Restai per un po in silenzio bevendo vino. Non ero sicuro ci fosse davvero una risposta a quello che
mi era stato appena raccontato. Sembrava la classica serie di sfortunati eventi culminata nella
maniera peggiore, ma dargli una risposta del genera mi sembrò semplicistico ed un po' irrispettoso.
Anche a me erano capitate cose simili senza che poi ci stessi a fare queste elucubrazioni quasi
assurde.
-Credi davvero che possa essere successa una cosa del genere?
-Certo che no! Ma, come ti ho già detto, non riesco a non sentire la presenza di un nesso.
-Ti dispiace per il lavoro?
-In realtà non così tanto..
-Allora forse una parte di te non consapevole conosceva già la strada da prendere e non hai fatto
altro che percorrere i tuoi passi.
-Anche questa è una teoria assurda.
-Si, lo so. Probabilmente è solo stata una pessima giornata Antoine, senza girarci troppo attorno.
-Non credo..
-Ammesso sia vero che esistano realtà parallele, teoricamente non c'è modo di comunicarvi.
-Trasmigrazione di coscienza!

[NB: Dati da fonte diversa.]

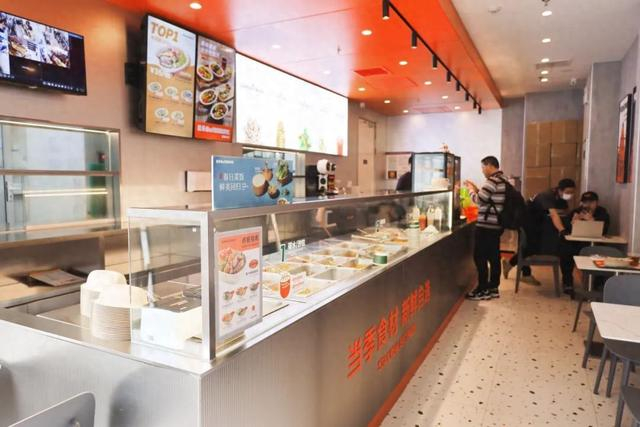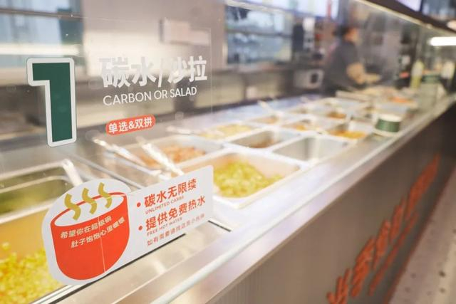 “宁宁”由此前去探访——只见小店面积不大,大致相当于一家便利店。大部分区域被用于“打饭窗口”,顾客从进门到结账,一路行经主食、蛋白质、植物纤维、配料四种食物,全部选好便能立即取餐。

Così passiamo da un universo all'altro. I corpi nelle due realtà si
polarizzano e consentono il passaggio. La coscienza di uno finisce nel corpo dell'altro, che
ovviamente è identico, infatti la maggior parte delle volte non ci si accorge di nulla. L'episodio che
ti ho raccontato è stato probabilmente un'eccezione.
-Sei sbronzo vero? - lo guardo negli occhi, lui ride sommesso e mi manda a fanculo – cosa farai
adesso?- si alzò in piedi e spense la sigaretta.

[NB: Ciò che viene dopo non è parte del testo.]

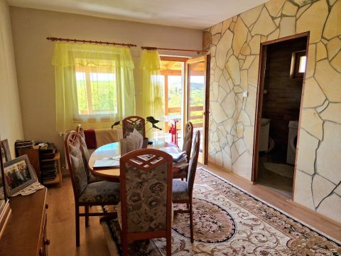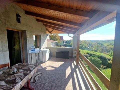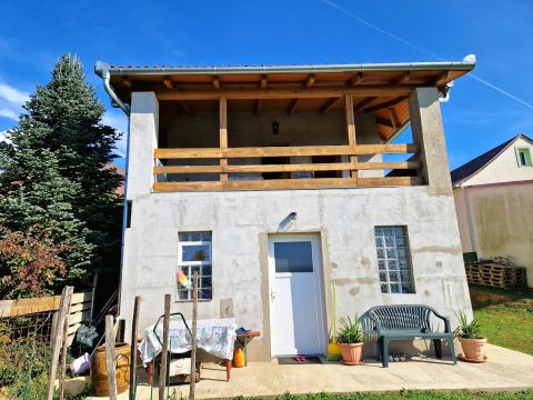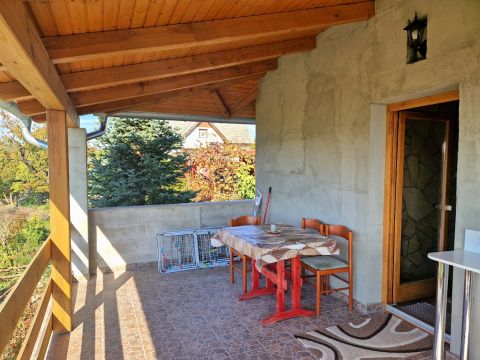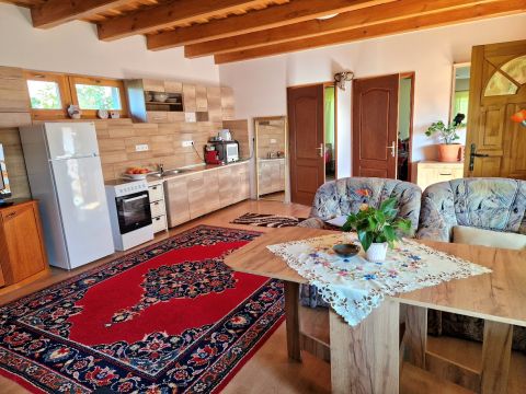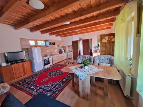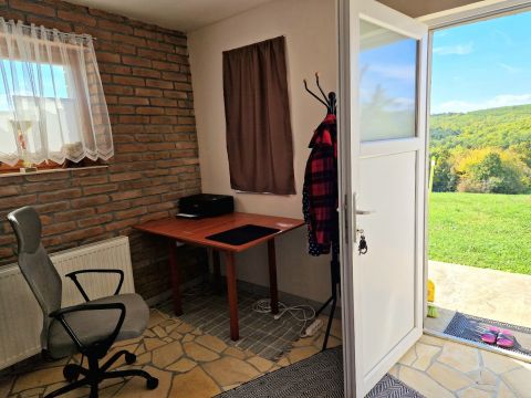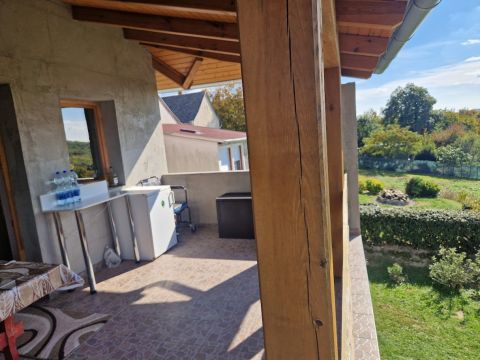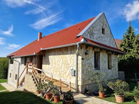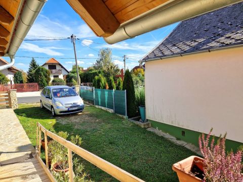 A téglaépítésű, cserépfedésű házban 2 szoba, egy hatalmas nappali + konyha + étkező van tágas, nyugati fekvésű terasszal.

-Ora ti porto in un buon ristorante!
Andammo in uno di quelli che dava sulle rovine. Aveva sedie a forma di trono fatte di bambù
intrecciati, sopra c'erano cuscini spessi e morbidi. Ci portarono una caraffa di vino bianco con pezzi
di pesche gialle e svariati antipasti. Le luci soffuse lasciavano intravedere solo i ruderi, non si
riusciva a guardare oltre. Mi sentivo piacevolmente stordito, come un poppante tra le braccia della
madre. Non ho idea di quanto restammo seduti, probabilmente ore. Parlammo di tutto. Mi risvegliai
il giorno dopo sul suo divano, strappato al sonno dall'aroma di caffè che veniva su. Lo bevemmo
assieme in cucina, poi un'altro in un bar poco lontano da casa. Era pieno di dolci meravigliosi,
alcuni traboccanti crema pasticciera e adornati di amarene, altri più semplici, ma non avevo molta
fame. Nessuno dei due proferì più parola sul licenziamento. Quando mi salutò alla fermata
dell'autobus disse che ci saremo rivisti presto e mi strinse in un lungo abbraccio, poi si allontanò e
sparì in una via che si apriva tra i ristoranti. Io salii sul pullman ed andai a sedere agli ultimi posti.
Appoggiai la testa al finestrino ed iniziai a guardare un punto non meglio definito all'orizzonte.
Poco alla volta tutta la realtà attorno a me perse di ogni interesse, poi di consistenza, infine sparì ed
io sprofondai dolcemente nei miei pensieri.